Retórica
A decolagem da figura
Figuras retóricas são processos de construção do discurso que
dominam a vida cotidiana, não só o gênero poético
JOSÉ LUIZ FIORIN
Montagem sobre o Cristo Redentor estampa a capa
da revista The Economist :
misto de metáfora e metonímia para retratar a ascensão do Brasil
No dia 14 de dezembro de 1968, o Jornal do Brasil trazia,
na primeira página, a notícia mais importante do dia: na véspera, fora baixado
o Ato Institucional nº 5, que exacerbava a ditadura em que o país vivia desde
1964. A manchete, no alto da página, era a seguinte: Governo baixa Ato
Institucional e coloca Congresso em recesso por tempo ilimitado. Na coluna mais
à esquerda, aparecia o texto do Ato expedido pelo presidente Médici. Sobre ele,
havia um círculo branco e dentro, um retângulo cercado por linhas negras com o
seguinte texto:
"Tempo negro. Temperatura sufocante. O ar está irrespirável.
O país está sendo varrido por fortes ventos. Máx.: 38º, em Brasília. Mín.: 5º,
nas Laranjeiras."
Observe-se que, no contexto discursivo, o texto sobre o clima é
uma metáfora do ambiente político que reinava no Brasil.
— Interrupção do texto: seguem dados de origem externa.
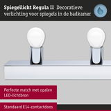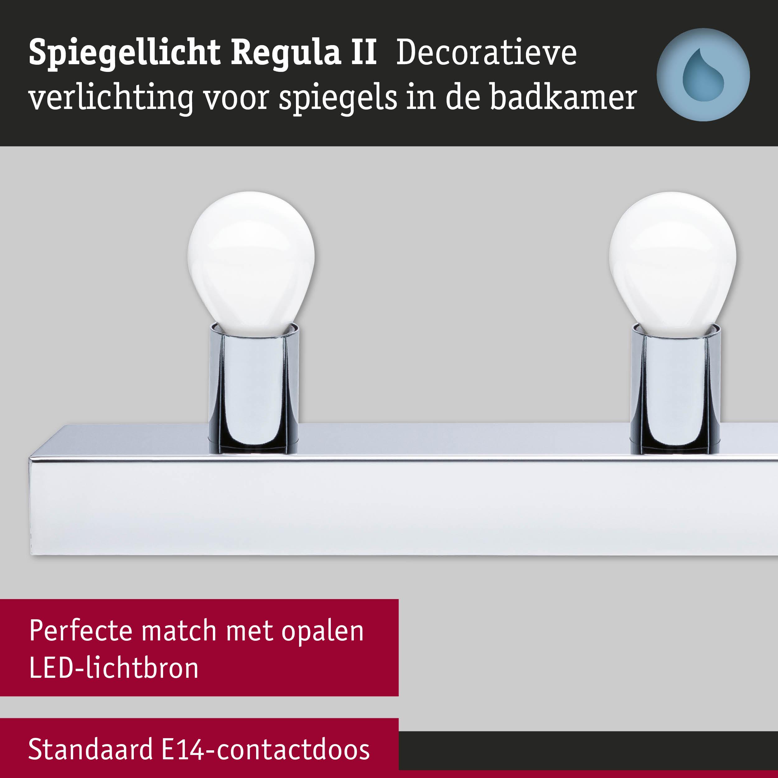 Stralend mooi – de ideale verlichtingsoplossingen voor de badkamer. Deze praktische set bevat de Regula II lichtstrip in Chroom/Opaal inclusief geschikte opaal LED-verlichtingsmiddelen. Door zijn bijzonder hoge IP-bescherming van IP44 is de 4-vlammige Regula II lichtstrip beschermd tegen spatwater en is dus ideaal voor gebruik in de badkamer of andere vochtige ruimtes. Met zijn moderne en strakke design in is hij universeel inzetbaar in verschillende interieurstijlen. De lengte van 45 cm is aangepast aan de standaardafmetingen van spiegels en is ook bijzonder geschikt voor kleinere spiegels die vaak in het gastentoilet worden toegepast. In de leveringsomvang zijn 4 kogelvormige LED-verlichtingsmiddelen inbegrepen in Chroom/Opaal die de spiegellamp een modern-klassieke look geven. Met een vermogen van 4x4,5W verspreiden ze rondom warmwit stralend licht. De helderheid kan naar behoefte individueel worden gedimd. De installatie van de Regula II is zeer eenvoudig: hij kan boven of naast de spiegel aan de wand worden gemonteerd. Na het indraaien van de opaal LED-verlichtingsmiddelen of andere gewenste lichtbronnen met E14-fitting is hij meteen klaar voor gebruik. Zo staat er niks meer in de weg voor een aangename lichtsfeer in de badkamer. Een zachte doek is het beste geschikt om de armaturen schoon te maken – gebruik geen microvezeldoek.

Há uma analogia sêmica
entre os elementos que servem para a descrição do clima (tempo negro,
temperatura sufocante, ar irrespirável, ventos fortes, etc.) e do ambiente
político. Isso mostra que a metáfora e a metonímia são processos de construção
discursiva.
Como explica Jakobson, todos os processos simbólicos humanos,
sejam eles sociais ou individuais, organizam-se metafórica e metonimicamente.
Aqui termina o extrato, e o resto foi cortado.